Engaging the Communion of Saints can make the way home easier for all of us. But I still can’t fathom consciousness in the afterlife. I just don’t know what it looks like, what it feels like, because I am so very tied to this earthly flesh. But as the end nears, I think my brother is beginning to witness bits of a different scene; he’s beginning to feel the warm waves of paradise. When we were alone together, I asked him if he was afraid, and without missing a beat, he said, “No, brother, I’m not.” And I believe him … and that may have been one of the most important statements anyone has ever made to me.
The great Victorian writer George MacDonald said, “Beauty and sadness always go together.” Although I do understand that many people at death’s door do not have the physical capacity to engage a choice, my brother is fortunate enough to be able to choose to embrace the beauty, to surrender to God’s will in a way that surpasses my feeble attempts.
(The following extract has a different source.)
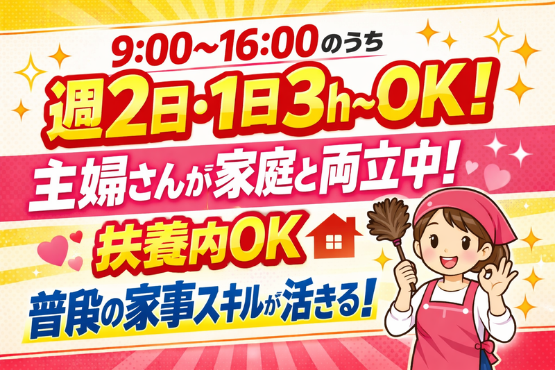 バイトTOParrow_bread_crumb千葉県arrow_bread_crumb家事代行arrow_bread_crumb週2・3日からOKのアルバイト・バイト・求人

I constantly choose the hard way, the way of reason. The Irish poet W.B. Yeats said, “By reason we die hourly, by imagination we live.” It seems that if my brother’s imagination can take him to the garden of Gethsemane to hover over the suffering Christ, it can take him to a thousand other meaningful and helpful places. Perhaps these sojourns of the heart and soul are the rewards of a life of faith, experienced even in the last moments.
My brother is beginning to understand things that might be revealed only on a deathbed. He is feeling something that those of us going about our daily routines in the workaday world do not feel. He is at peace. My hero approaches the end of his life by accepting and welcoming the strong but graceful arms of his God reaching down to carry him off. And as of right now, he actually finds it easy … the easy way home.